Operator: Our next question comes from Sam Margolin with Wolfe Research.

Sam Margolin: Question’s on the buyback, and it’s kind of conceptual just sort of how you think about the stock when you do your internal process. But when you are looking at an MPC share, the question is really how do you view it, or what does it represent to you? Is it representative of just the parent company and a repository for MPLX distributions, or do you kind of analyze it as a consolidated entity where something like 40% of it is like a synthetic MPLX share. And the reason I ask is because we do get a lot of questions about sort of your price sensitivity in the buyback. And I think the methodology maybe is important.

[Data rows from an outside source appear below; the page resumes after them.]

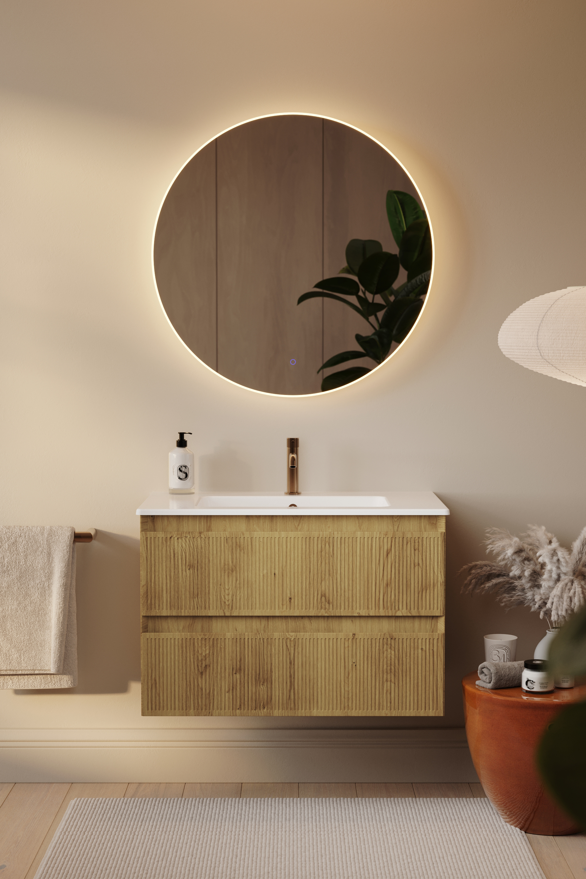 The Monument, built from Portland stone, stands as a timeless symbol of London. Inspired by this heritage, Portland Oak reimagines the reference in a warm oak hue. Available as a 2-drawer design in 60cm and 80cm, it combines Monument’s signature fluting with natural character for the modern bathroom.
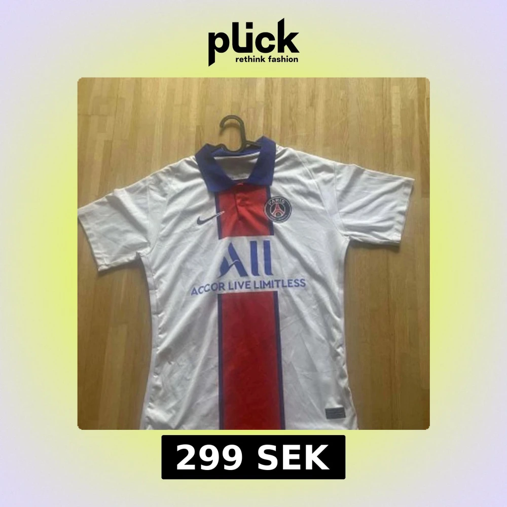 Paris Saint-Germain fotbollströja från Nike i vit polyester med blå krage och korta ärmar. Framsidan har en röd vertikal rand och blå detaljer, samt PSG-logga och sponsortryck. Perfekt för dig som vill representera PSG på match eller träning.
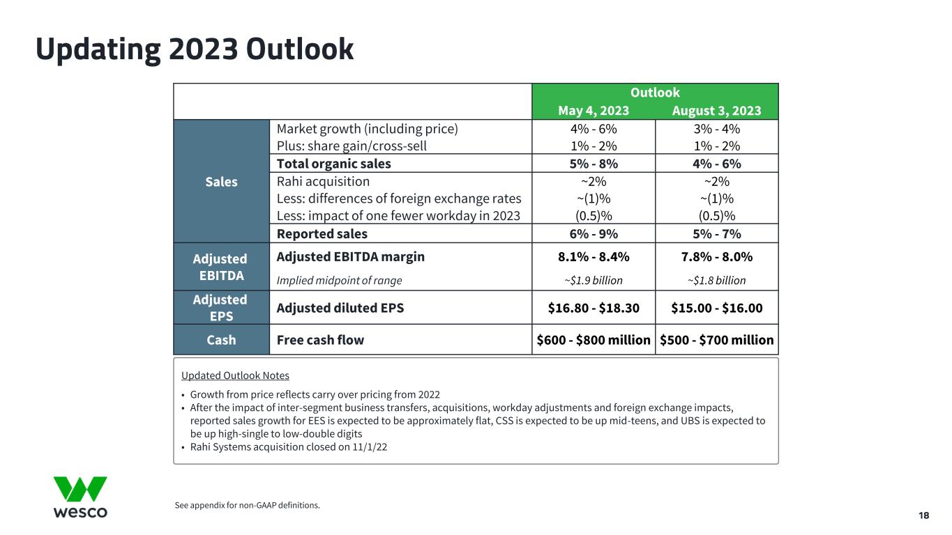 a • Leading Portfolio of Products, Services, and Solutions • Leading Positions in All SBUs • Global Footprint and Capabilities • Digital Investments Unlocking the Value of Our Big Data • Accelerating Consolidation Across the Value Chain Electrification Automation and IoT Green Energy and Grid Modernization 24/7 Connectivity and Security Digitalization and AI Supply Chain Consolidation and Relocation to North America Attractive Long-Term Growth Drivers + Wesco’s Uniquely Strong Position Increasing Public Sector Investment U.S. Infrastructure Bills Public-Private Partnerships for Smart Cities Rural Digital Opportunity Fund (RDOF) Canada Broadband Investments Secular Growth Trends + 17 Wesco is uniquely positioned for sustainable long-term growth
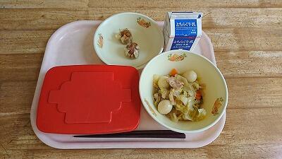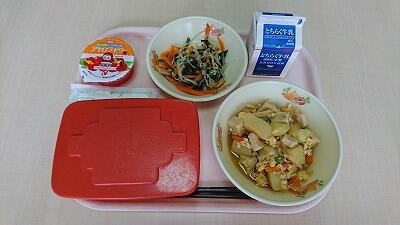今日の献立は、ご飯、親子煮、和風和え、アセロラゼリー、牛乳でした。
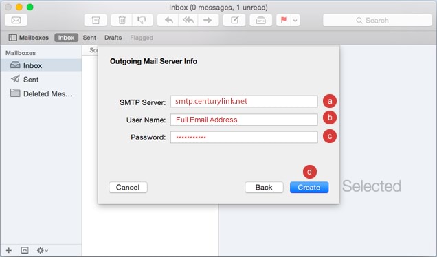 a. Enter smtp.centurylink.net for the "SMTP Server"
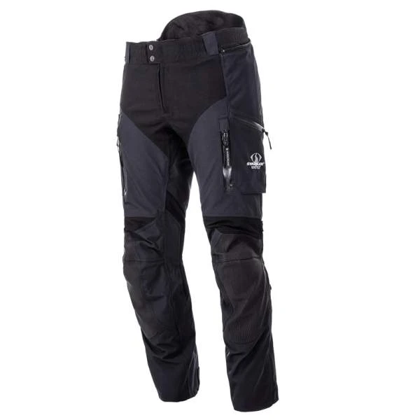 De STADLER 4ALL PRO motorbroek is gemaakt van de materialen; Cordura, Gore-Tex, en Superfabric. Het resultaat is een goed beschermende en veelzijdige gelamineerde motorbroek. Deze kan ingezet worden in zowel de koudere als de zomerse dagen. De buitenlaag van deze STADLER broek is opgebouwd uit 3L Gore-Tex pro en Cordura 500. De water-absorbatie wordt door deze techniek uitgesloten. Het Cordura 500 textiel zorgt voor een zeer goede slijtvastheid. Daarnaast wordt er gebruik gemaakt van CE level 2 gekeurde Sas-Tec protectie op de knieën en heupen.
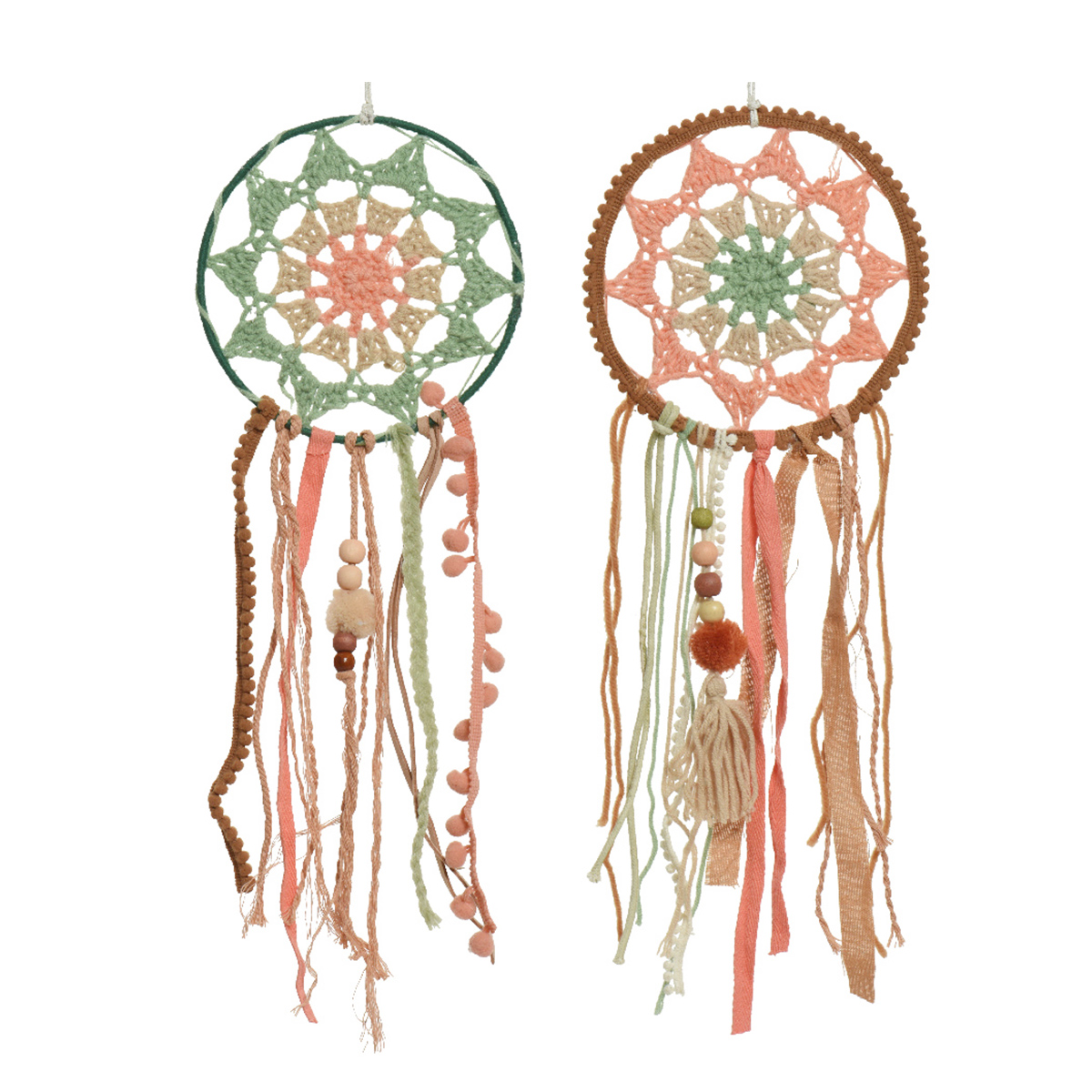 Herstellerinformationen zu "Traumfänger Boho gehäckelt, Dreamcatcher mit Pompons und Schnüre, braun-lachs"

Maryann Mannen: Sam, it’s Maryann. Let me give you a few thoughts on that, and I can pass it to Mike in case he’s got some added value. I mean, there are several things that we look at as we are making decisions about the level of share buyback. And certainly, when we’re looking at intrinsic value, there’s a couple of approaches. So we’ll look at some of the parts. We’ll look at discounted cash flows. We use a series of reviews, obviously, looking at our EBITDA multiples of their respective businesses. But typically, when we are making the decision about an MPC buyback, that intrinsic value assumes the discounted cash flows, as I just shared. There are several constraints as we look at that that we evaluate each time we go to buy back stock, none the least of which obviously is market, cash flows, where we think the quarter is going to be, where we think our cash balances are.

And we’ve worked pretty diligently to try to outperform the market here. Hopefully, you’ve seen that over the significance of the buyback that we’ve done. But we do look at it in a holistic approach. Let me pass that back to Mike and see if he wants to add any color.